In many applications where the adhesive is subjected to high-temperature and humid environments, silicones are used, and not epoxies, since this material is usually used as sealant for its elastic properties and for its coefficient of thermal expansion, which allows to accommodate different thermal expansions of the materials being bonded. This work arises from the study of a housing for electronic components manufactured from PBT-GF30 and bonded using a silicone adhesive, to seal the assembly. The silicone adhesive is also used to bond the housing to a heat sink, manufactured from aluminum. As said, the bulk materials, adhesive and substrate, were already studied in terms of water diffusion behavior and its effect on the mechanical properties [15,30]. Additionally, the effect of moisture on SLJs and DCBs with PBT-GF30 substrates and the same silicone adhesive was analyzed. However, in this case, the effect of the interphase was not isolated [31].

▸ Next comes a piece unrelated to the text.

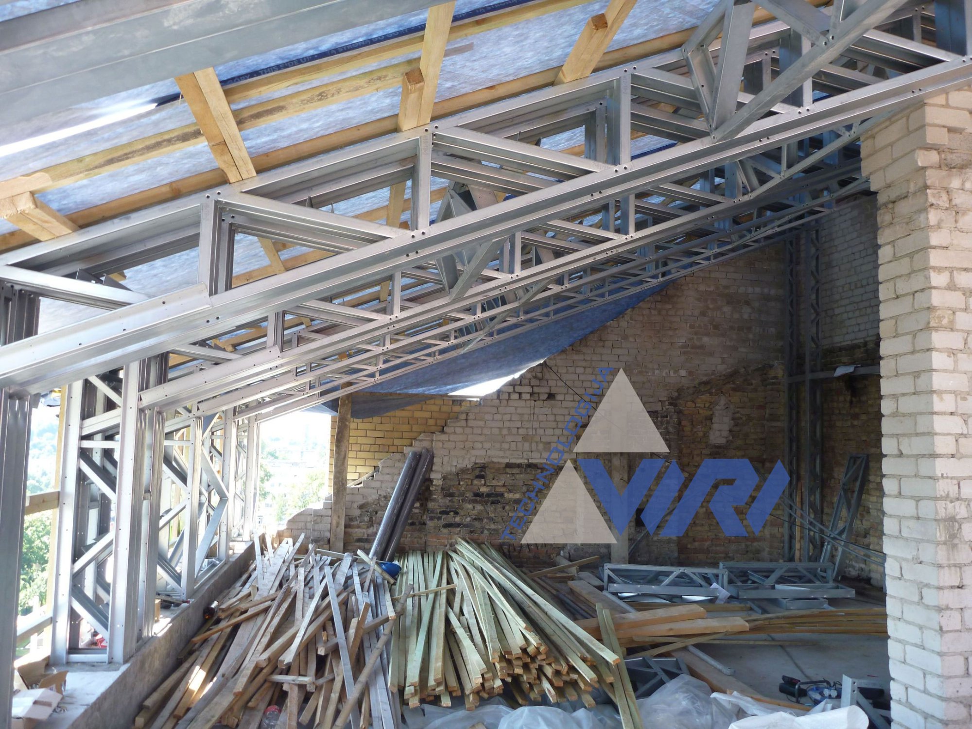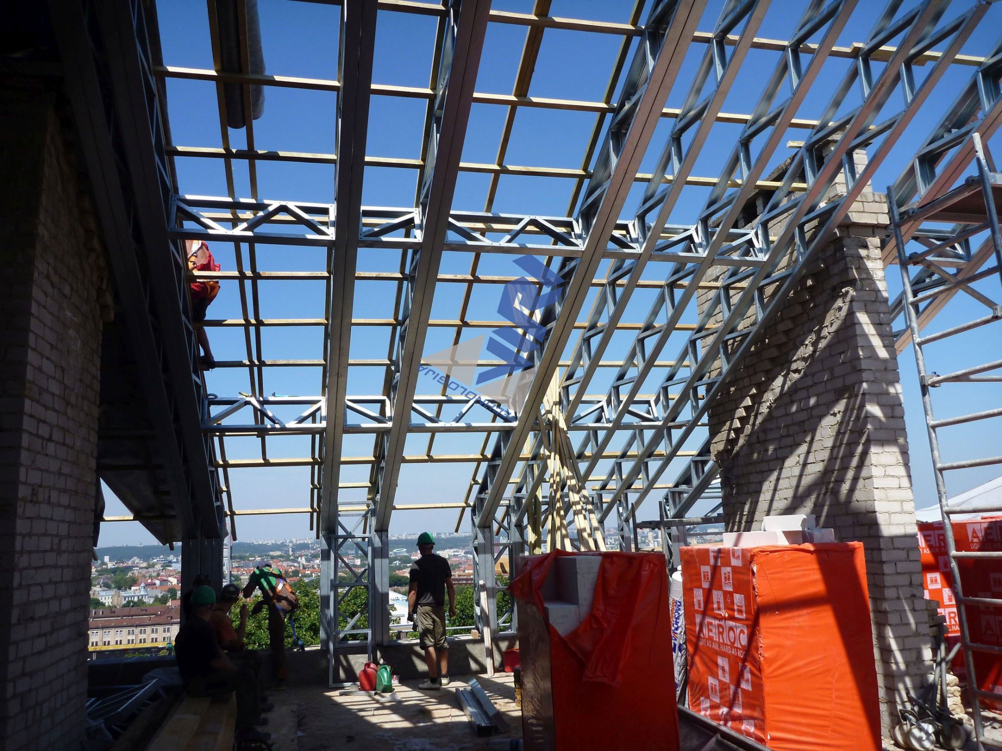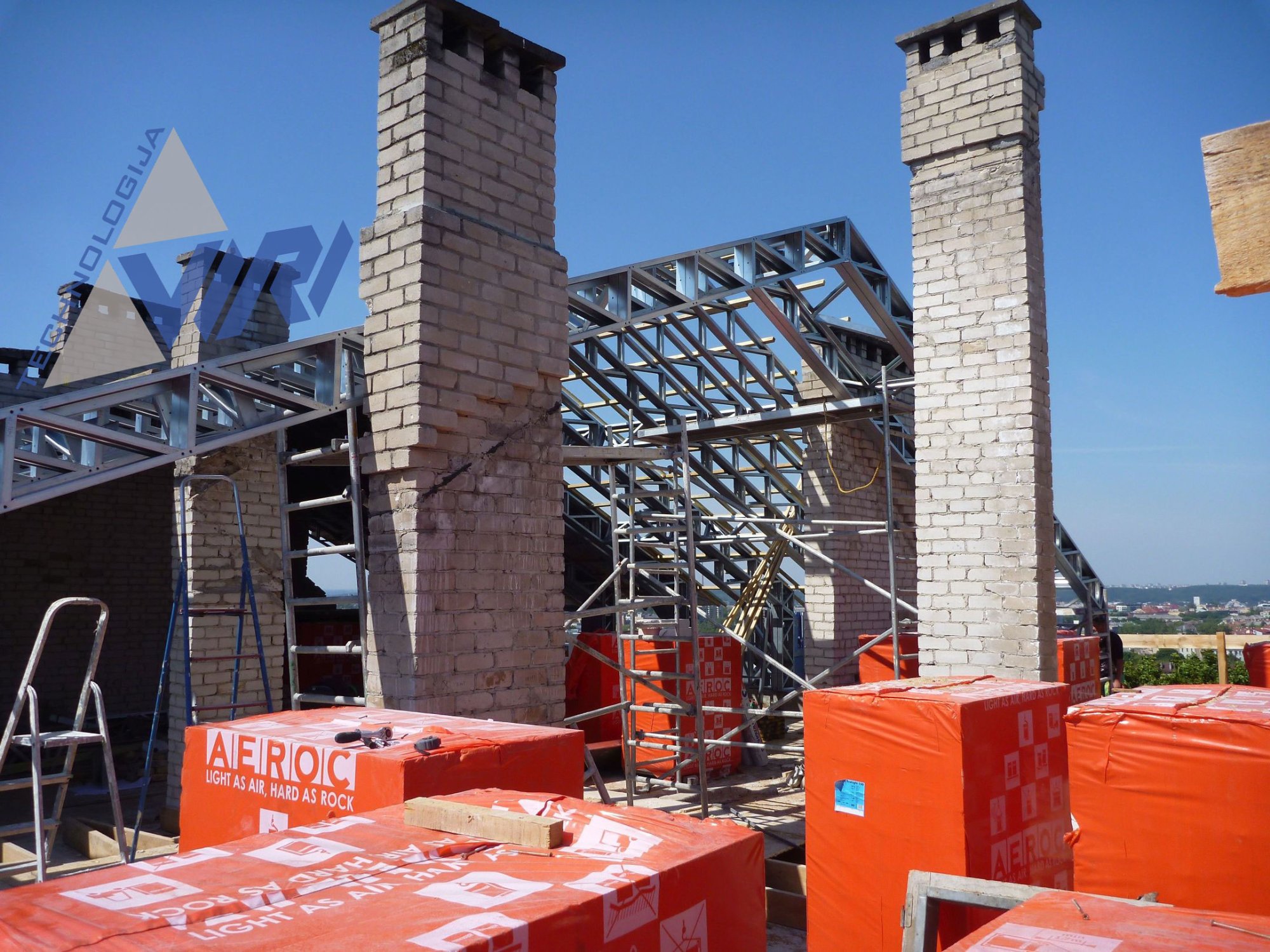 Daugiabučio namo stogo rekonstrukcija (renovacija) Vilniuje, Lietuva.

As seen, there are studies analyzing the effect of interfaces on the water diffusion of adhesive joints with epoxy adhesives and metallic substrates, and some first approaches trying to compare metallic and composite substrates. At this point, a remark must be made between interfaces and interphases. Generally, when studying this problematic, the water uptake between the adhesive and substrate is attributed to the interface. However, in most cases, there is no clear micro or nanoscale research performed to ensure the path of water diffusion and failure occurs exactly between adhesive and substrate (interface), and not in the interphase region. Therefore, since the interphase comprehends the interface, these results can be generally attributed to the interphase without harming the main conclusions drawn.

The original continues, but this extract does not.